- **Your goal**
Unless it is a picture, every line from the start of the entries through the line with "Elvira X Fangoria" must be retyped exactly.

(Collected data)
☆ ☆ ☆ ☆ ☆
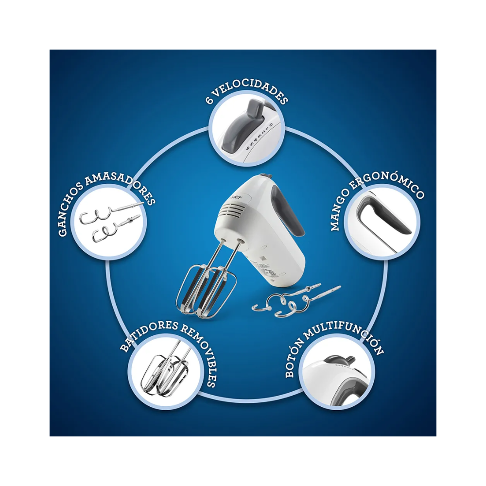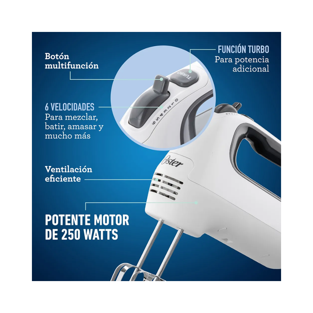 Batidora Manual Oster, 250 W, 6 Velocidades, Blanco
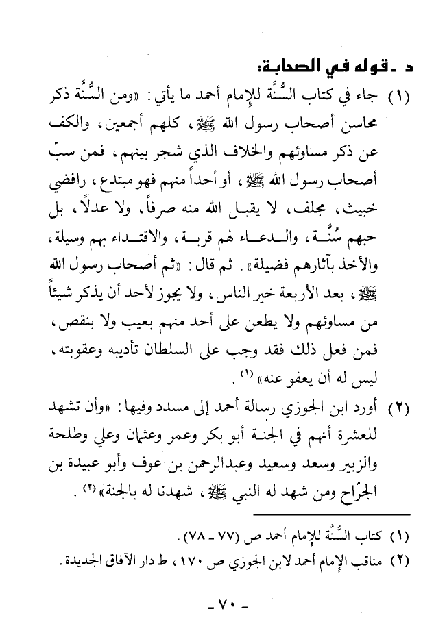 1 - جاء في كتاب السُّنَّة للإمام أحمد ما يأتي: «ومن السُّنَّة ذكر محاسن أصحاب رسول الله - صَلَّى اللهُ عَلَيْهِ وَسَلَّمَ -، كلهم أجمعين، والكف عن ذكر مساوئهم والخلاف الذي شجر بينهم، فمن سبّ أصحاب رسول الله - صَلَّى اللهُ عَلَيْهِ وَسَلَّمَ -، أو أحدًا منهم فهو مبتدع، رافضي خبيث، مجلف، لا يقبل الله منه صرفًا، ولا عدلاً، بل حبهم سُنَّة، والدعاء لهم قربة، والاقتداء بهم وسيلة، والأخذ بآثارهم فضيلة».
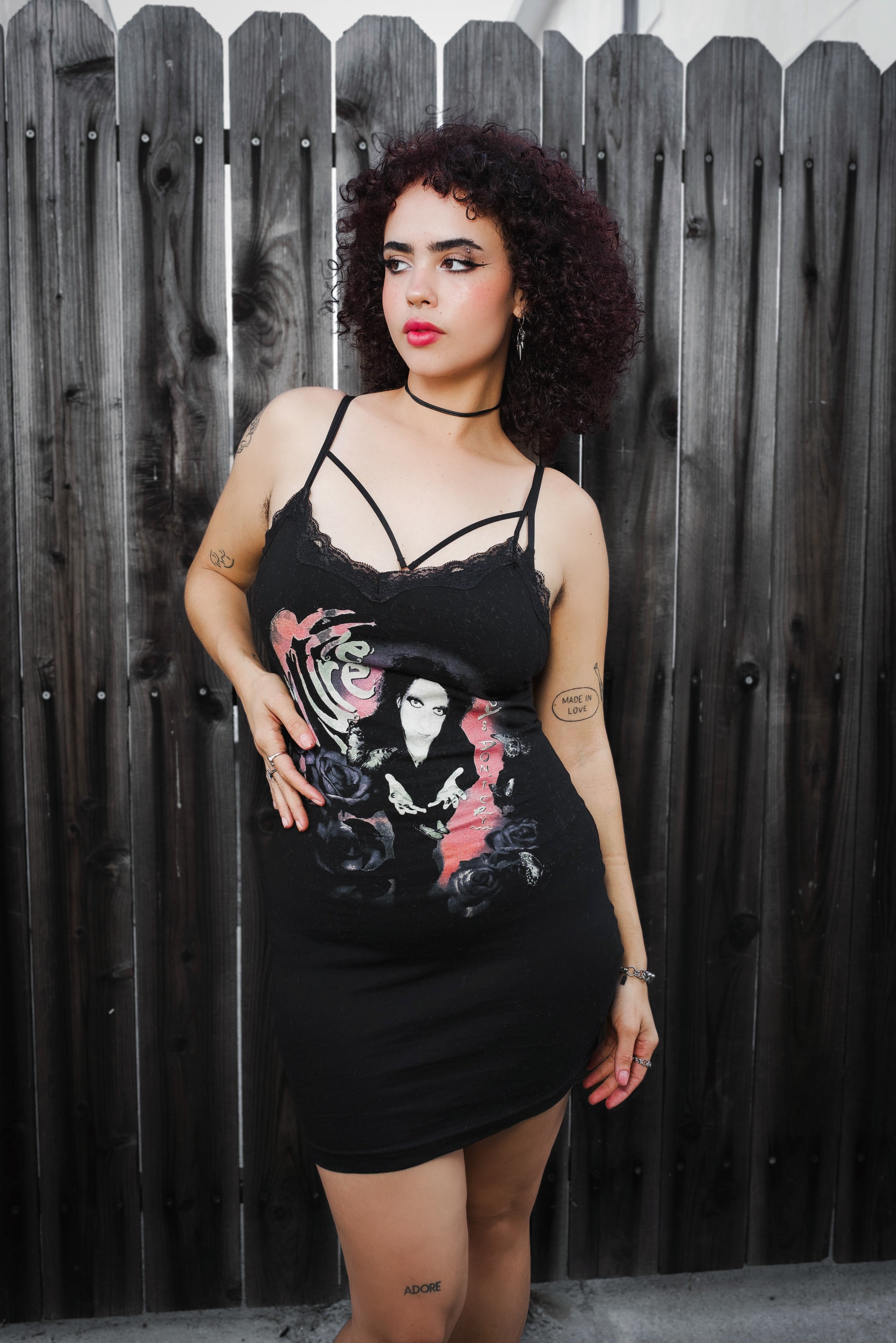 Elvira X Fangoria Magazine Cover Lace Strap Dress! Altered from a large licensed men's t-shirt. Black lace V-cut neckline with black adjustable straps. Sizes // Measurements: XS: bust...
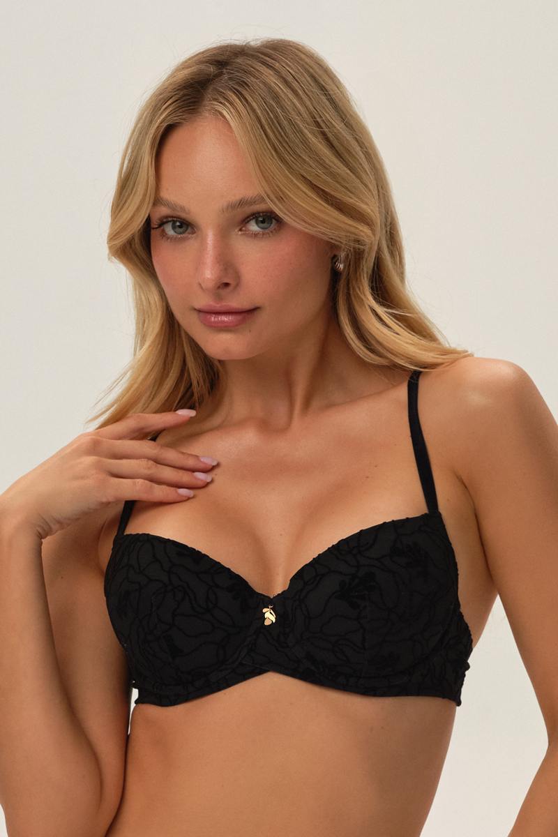 Кружевной бюстгальтер 41780 ORGANIQUE от европейского производителя Esotiq. Чашка на кости со съемными вкладышами push up, внутри хлопковый подклад. Изделие выполнено на базе Kassidy. Украшение - золотая очаровательная подвеска.
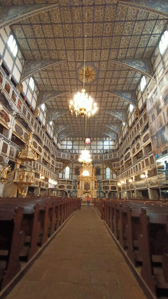 Wczoraj padało, ale wsiedliśmy w auto i pojechaliśmy do Jawora. Malutkie miasto albo raczej miasteczko. Cisza, czysto i wszystko w miarę zadbane. Pozostały stare kamienice do remontu, ale pewnie brak funduszy więc wystawione na sprzedaż. Zwiedziliśmy Kościół Pokoju, który został wpisany na listę UNESCO w 2001 roku. Perfekcyjna szachulcowa konstrukcja oraz wspaniałe wykończenie wnętrza polichromiami. Wszystko w drewnie i co nas zakończyło mieści się w nim 6 tyś ludzi. Urocze miejsce.
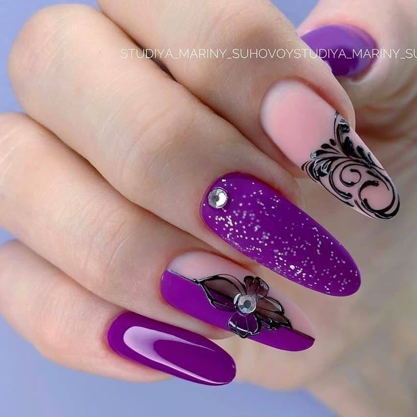 В результате после похода в салон их ручки украшены сложным, многоступенчатым маникюром. Он включает разные украшения на разных пальцах. Одновременно на руке может быть и французская «улыбка», и стразы, и орнаменты, сделанные с помощью пайеток.
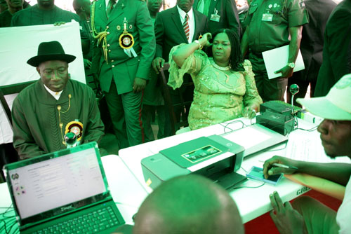 PRESIDENT GOODLUCK JONATHAN AND HIS WIFE PATIENCE DURING THEIR REGISTRATION BY INEC OFFICIALS.
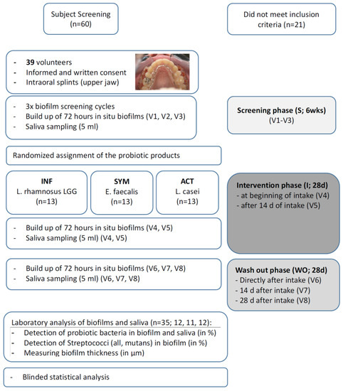 The observer-blind, parallel, randomized clinical trial took place at the Department of Periodontology and Peri-Implant Diseases of the Philipps-University, Marburg, Germany. It was approved by the Medical Ethics Committee of Philipps University (no. 44/11) and conducted in accordance with the ICH, Good Clinical Practice guidelines, and the Declaration of Helsinki (1964). The clinical trial was registered as ‘DRKS 00017822’. Sixty potential participants took part in an initial screening visit to assess their eligibility; the main inclusion criterion was a DMFT (number of decayed, missing, and/or filled teeth) of 0–5, corresponding to low caries experience. Patients had to be over 18 years of age, in good health, without any allergies to the products used in the study and had to be non-smokers (less than five cigarettes per day). They received participant information and signed an informed consent form. Exclusion criteria were any systemic diseases, smoking, untreated periodontal disease with signs of destructive periodontitis or inflammatory symptoms, caries, systemic antibiotic therapy within the last 6 months, a history of probiotic intake, or pregnancy. Furthermore, the use of any of the following drugs within the last 6 months: oral, intravenous, intramuscular, nasal or inhaled corticosteroids, and/or a history of viral infection (i.e., HBV, HCV, HIV) was excluded. In the end, 39 participants (aged 18–32 years) were included. A flow chart of the study is presented in Figure 1.
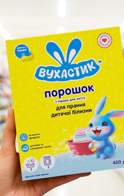 «Вухастик» — це український бренд засобів для догляду та прання, створений для всієї родини. Його продукція виготовляється на потужностях AFINA Group в Україні й уже представлена на ринках Молдови та Грузії.
☆ ☆ ☆ ☆ ☆
- **The completed task**
 Batidora Manual Oster, 250 W, 6 Velocidades, Blanco
 1 - جاء في كتاب السُّنَّة للإمام أحمد ما يأتي: «ومن السُّنَّة ذكر محاسن أصحاب رسول الله - صَلَّى اللهُ عَلَيْهِ وَسَلَّمَ -، كلهم أجمعين، والكف عن ذكر مساوئهم والخلاف الذي شجر بينهم، فمن سبّ أصحاب رسول الله - صَلَّى اللهُ عَلَيْهِ وَسَلَّمَ -، أو أحدًا منهم فهو مبتدع، رافضي خبيث، مجلف، لا يقبل الله منه صرفًا، ولا عدلاً، بل حبهم سُنَّة، والدعاء لهم قربة، والاقتداء بهم وسيلة، والأخذ بآثارهم فضيلة».
 Elvira X Fangoria Magazine Cover Lace Strap Dress! Altered from a large licensed men's t-shirt. Black lace V-cut neckline with black adjustable straps. Sizes // Measurements: XS: bust...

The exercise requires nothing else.